Colin tiró de las riendas, y el caballo se detuvo, con la nariz contra la cola del burro. El burro se había detenido en seco. Se encontraban en la cima de una pequeña colina. Al pie había un charco congelado y una hilera de sauces.

– Espoléalo -dijo Colin, pero Kivrin ya había desmontado.

– No irá más lejos. Es como la otra vez. Me vio atravesar. Creía que había sido Gawyn, pero fue Roche -pasó la brida por encima de la cabeza del burro, y el animal regresó inmediatamente por el estrecho sendero.

– ¿Quieres montar? -le preguntó Colin, y descabalgó.

Ella sacudió la cabeza.

– Me duele más montar y desmontar que caminar.

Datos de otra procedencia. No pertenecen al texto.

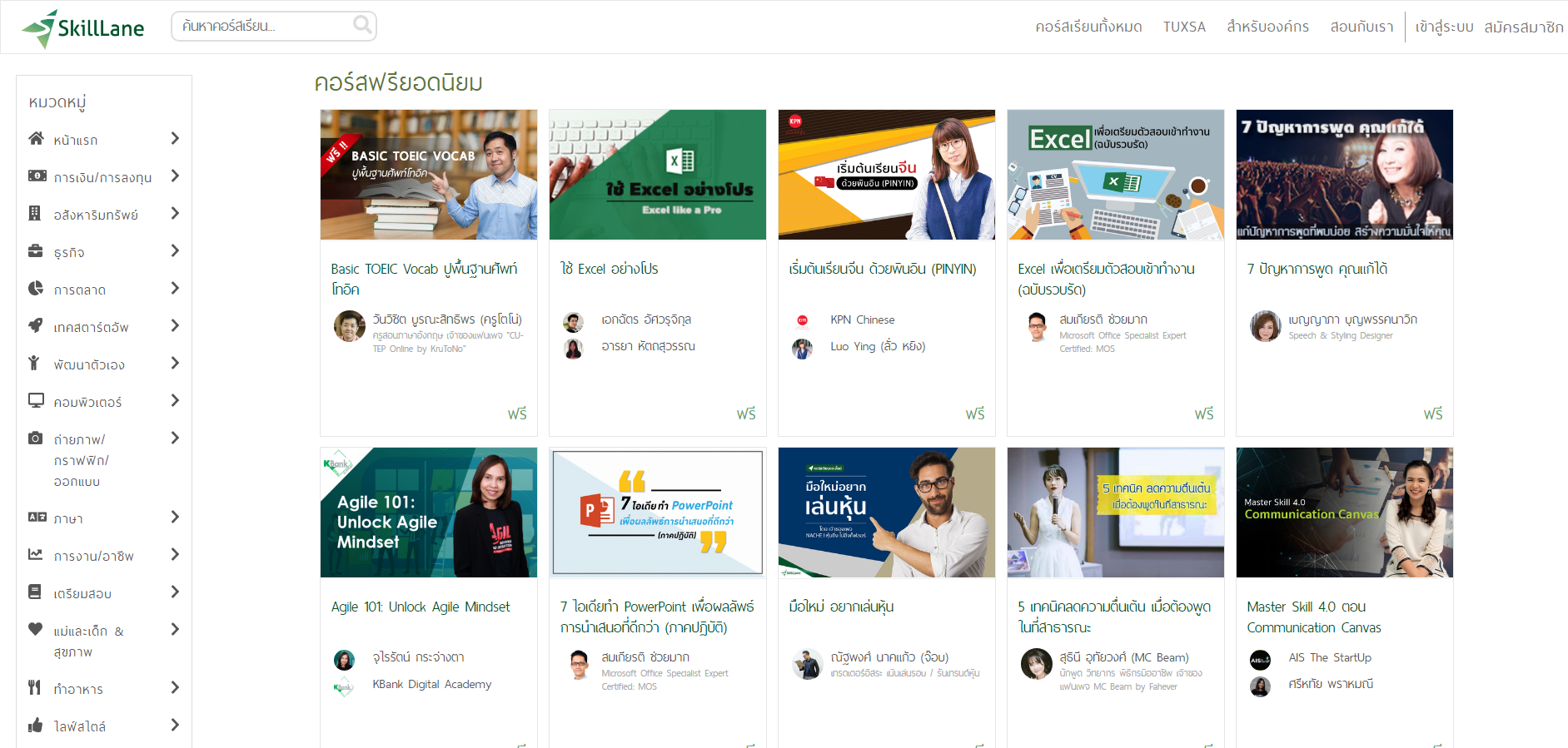 อีกหนึ่งเว็บไซต์รวมคอร์สเรียนออนไลน์หน้าใหม่ที่มีวิชาให้เลือกเรียนเต็มไปหมด อย่าง Skilllane ที่มีให้เลือกทั้งคอร์สเรียนฟรีและคอร์สเสียเงิน แต่เอาแค่หัวข้อในหมวดคอร์สเรียนฟรีก็ถือว่ามีประโยชน์ต่อการทำงานและการใช้ชีวิตมากๆ เช่น Tips & Tricks การใช้งานโปรแกรมคอมพิวเตอร์ คอร์สติวสอบ คอร์สสอนภาษา คอร์สสอนการลงทุนประเภทต่างๆ ทั้งจากวิทยากรชื่อดังและองค์กรชั้นนำ รับรองว่าถ้าได้ลองเรียนบน SkillLane จะไม่มีวันเบื่อการเรียนอีกเลย

Contemplaba la colina. Los árboles sólo la cubrían hasta la mitad, y más allá la colina estaba blanca debido a la nieve. Debía de haber dejado de nevar, aunque Dunworthy no se había dado cuenta de ello. Las nubes iban separándose, y entre ellas el cielo era de un lavanda pálido y claro.

– Pensó que era santa Catalina -prosiguió Kivrin -. Me vio atravesar, como usted temía que sucediera. Creyó que Dios me había enviado para ayudarlos en su hora de necesidad.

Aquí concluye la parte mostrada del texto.